Thank you so much, this short explanation video is useful for me!
I have some questions about this tax base of asset.
For the debtor (receivable) -100, how about if the debtor unable to pay the remaining 200. So, TB, TD and DT will be dif?
Sir, Whey Tax base of Interest Receivable is Nil ?
Hi. I don't think we covered Interest Receivable in this video. Generally, the tax base of a receivable will equal the carrying amount.
Per IAS12.7, if the economic benefits of an asset are not taxable in the future (e.g. cash in the bank or trade receivables, because it has already been taxed), then the tax base is equal to the carrying amount. That's why there is no temporary difference.
Hi mate, This was very helpful. Thank you very much. Best regards from NZ.
Would you please explain about the second example about why is it when the economic benefits are not taxable, the tax base is still 1000, but not NIL? Thank you
Hi Will. This is in accordance with the definition of Tax Base of an asset. If you go back to it around minute 1.24 of the video, you will note that "if the economic benefits will not be taxable then the tax base is equal to the carrying amount". As the debtor payment will not be taxable, the tax base is therefore equal to the carrying amount of 1000 as per the IAS 12 par 7.
Thank you sir. I got it now. I appreciate if you could answer to my other question in your other video.
ua-cam.com/video/gjdZBQ_YoSU/v-deo.html
I dont get it, I thought only people could be taxed, not assets
I don't understand the future tax deduction term. Anything that is recovered from asset is an income. I thought income is taxable , why tax deduction?
Hi Adam.. the cost of the asset will be claimed as a deduction over time by means of wear and tear deductions (capital allowances). The tax base is the deductions that can be claimed in the future. The income we earn from the asset is totally separate from the tax base of the asset .
@@TabaldiEducation another example besides capital allowance? I understand about the capital allowance. What about receivable? Whats to deduct?
@@MrAlifadam The tax base of trade receivables is equal to the carrying amount because the future economic benefits are not taxable (revenue has already been taxed).
@@TabaldiEducation thank you!
thanks a lot for your contribution :) i find it extremely useful !
What if yhe wear and tear allowance is 0%
Hi Sean, regardless of the wear and tear allowance, the principle will stay the same. Do you have an example where the W%T is zero?

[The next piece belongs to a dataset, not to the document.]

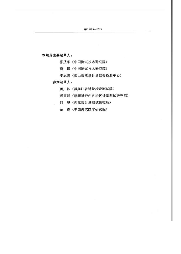 张从华(中国测试技术研究院)、龚岚(中国测试技术研究院)、李志强(佛山市质量计量监督检测中心)、黄广铁(黑龙江省计量检定测试院)、冯雪峰(新疆维吾尔自治区计量测试研究院)、何坚(内江市计量测试研究所)、范杰(中国测试技术研究院)

@@TabaldiEducation hi, yes they said a new admin building was purchased for R2 000 000 , depreciated at 2% p.a . Residual value = R150 000 , and by wear and tear allowance = 0% , we were suppsed to find the carrying amount and the tax base so the 0% confused me
@@seanmusona9408 Ah, I see. In that case, the tax base will be equal to the purchase price.

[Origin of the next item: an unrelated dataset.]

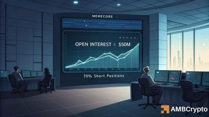 Memecore surges by 20% with strong momentum, but an imbalance zone raises the risk of a short-term correction.
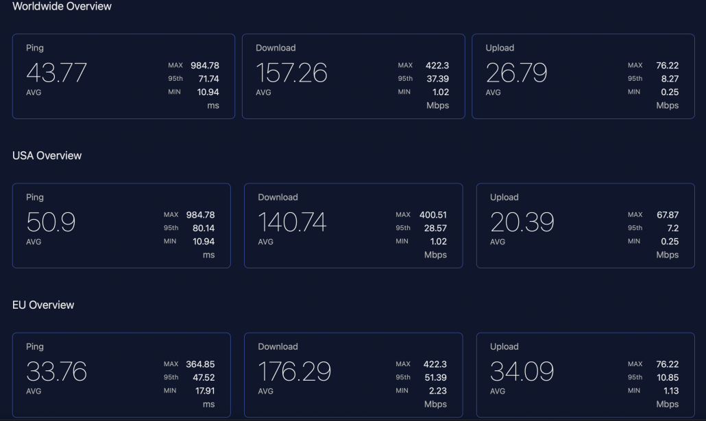 Según los resultados, los usuarios de la Unión Europea están experimentando velocidades más altas para Starlink que sus contrapartes en los EE. UU. La velocidad de descarga promedio para un usuario europeo es de 176 Mbps, y las velocidades de descarga más alta y más baja son 422 y 2,2 Mbps, respectivamente. Sin embargo, si bien las velocidades de descarga son las más altas de Europa, América del Norte presenta las puntuaciones de latencia más bajas.

@@TabaldiEducation ok, thank you for your response
If the tax base of debtors is more than its carrying value, what will be deferred tax consequences? and why?
Hi Haider,
What would be the reason for this? One I can think of is because of the provision for bad debts applied by the company is different from the provision for bad debts allowed by the tax authority in which case a higher carrying value of a provision would result in a deferred tax asset.

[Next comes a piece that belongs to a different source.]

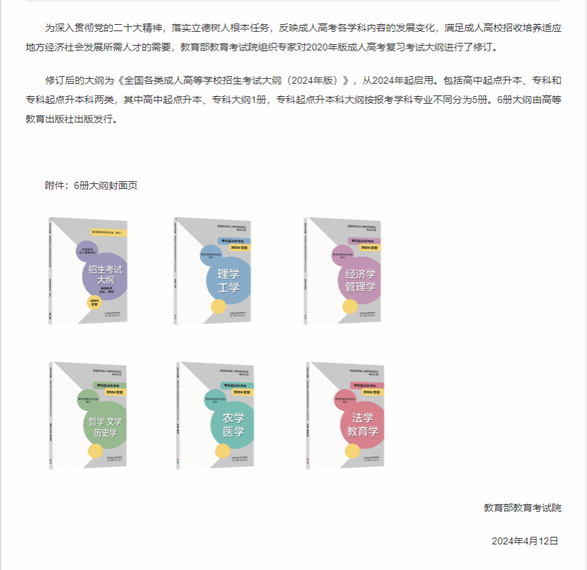 根据教育部教育考试院通知,《全国各类成人高等公司招生考试大纲(2024年版)》从2024年起正式启用,考生请及时购买及查阅,以便提前复习备考。

Thanks a lot it really helped
Thank you for your comment Maanda Budeli We wish you well with your studies. For more comprehensive support and products view our site at www.tabaldi.org
Very Helpful thank you
thank you!
This saved me!!
Anelisiwe Mdingi I hope it will do the same for me 😫😫😫😫. I have an exam next week and I'm so nervous
bhai tax base kya hota hai
thanks a lot sir God bless u
Thank you Muhammad Waqar - pleased you enjoyed.
The Tabaldi Team
Thanks
what does he mean by tax deductible?
any thoughts guys?
Hi Amjad, what we mean by tax deductible is that an amount will be deductible for your taxable income (tax profit) calculation, that is to say that an "expense" will be deductible when calculating your tax expense.
that's great! thanks for the video - it was extremely useful!
I really found this video useful. Thanks so much!!! Tax is not that difficult after all.